FIG. 1 is a connection diagram showing an embodiment of a method for controlling a vertical continuous vulcanizer for a power cable according to the present invention.

FIG. 2 is an implementation model diagram of three-position control by the tension setting means shown in FIG.

3 is a relationship curve diagram between time and tension increase by the three-position control of FIG.

FIG. 4 is a curve diagram modeling a control situation by a control method of a vertical type continuous vulcanizer of a power cable according to the present invention.

[Explanation of symbols]

 W coated electric wire (running filament) 1 conductor feeding device 2 conductor 3 feeder 4A, 4B, 4C extruder 4a extrusion head 4b outer diameter measuring means 5 vulcanizer 5a seal packing 6 take-up machine 7 winder 8 tension sensor 9 controller 10 tension setting means 11 conductor feeding speed setting means 13 conductor feeding speed setting means 13a feeder driving motor 13b feeder driving amplifier 13c line linear velocity setting device 13d line linear velocity detecting means 14A, 14B, 14C extrusion velocity setting means 16 Filament body take-up speed setting means 16a Take-up machine drive motor 16b Take-up machine drive amplifier 16c Take-up speed setter 16d Electric motor 16e Step motor 17 Filament body take-up speed setting means

 ─────────────────────────────────────────────────── ─── Continuation of the front page (72) Inventor Toraichi Ishikawa 1800 Kishioka-cho, Suzuka-shi, Mie Fujikura Suzuka Co., Ltd. (72) Toshiharu Katsuhara 1800 Kishioka-cho, Suzuka-shi, Mie Fujikura Suzuka Co., Ltd. in the factory

Claims (2)

[Claims] 1. A conductor (2) sent from a sender (3)
When a power cable is manufactured by extruding and covering an insulating material from the extruder (4A, 4B, 4C), the tension of the traveling filament (W) is detected and the traveling filament is determined by the magnitude of the tension.
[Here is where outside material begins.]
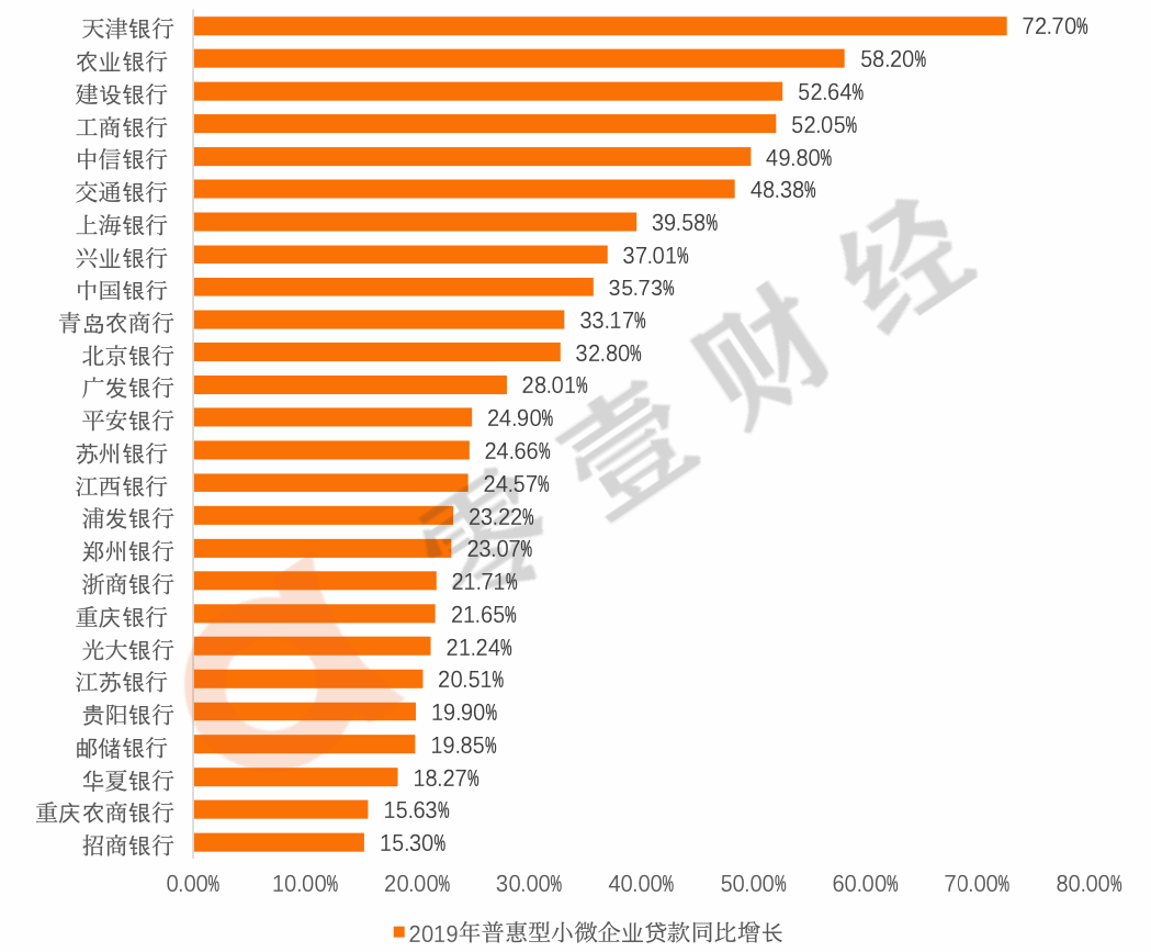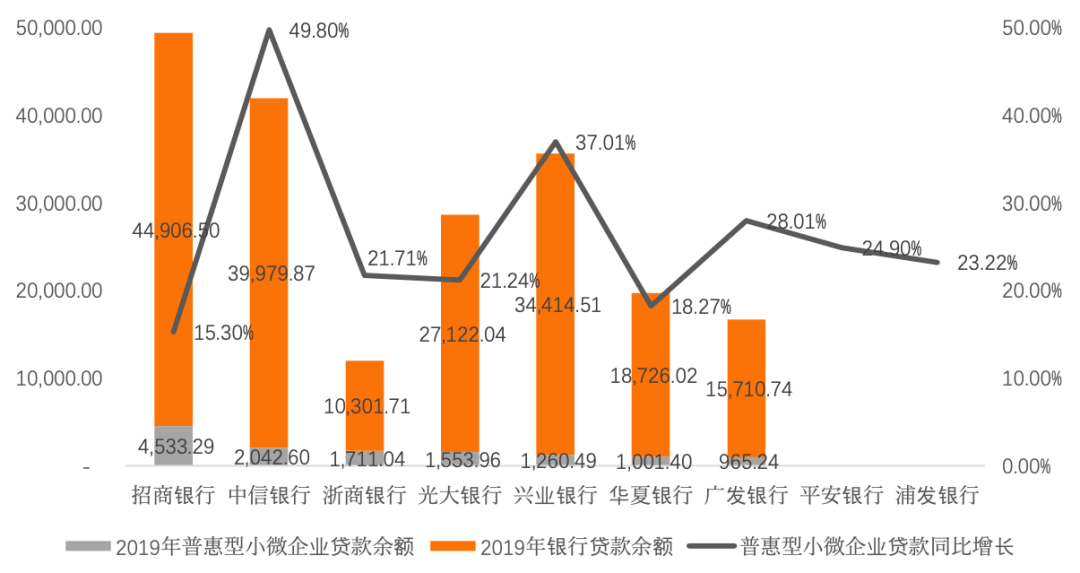 在同比增速方面,中信银行、兴业银行、广发银行、平安银行、浦发银行、浙商银行、光大银行同比增长超20%。其中,中信银行增幅近50%,年报显示,中信银行依托金融科技手段研发小微信贷自动审批和智能风控预警系统,普惠型小微企业贷款不良率低于全行不良平均水平。2019年,普惠金融贷款高出各项贷款增速约40个百分点,大幅超出银保监会“两增两控”和央行定向降准最高档考核要求。

It is a control method of a vertical continuous vulcanizer for electric power cables that increases or decreases the take-up speed, determines whether the take-up tension is within the set tension range, and when the take-up tension is outside the range, The linear body (W) is corrected by increasing or decreasing the take-up speed of the linear body, and the set tension is changed according to the length of the traveling linear body from the start of the line. A control method for a vertical continuous vulcanizer of a power cable, which is controlled so that a linear tension is applied to the linear body (W) in a direction opposite to its traveling direction even after passing. 2. A take-up value when the detected tension is within the threshold range rather than a correction degree of the take-up speed when the detected tension is outside the threshold range by setting a threshold range for the set tension. The method for controlling a vertical continuous vulcanizer of an electric power cable according to claim 1, wherein the traveling speed is corrected by reducing the correction degree of the speed.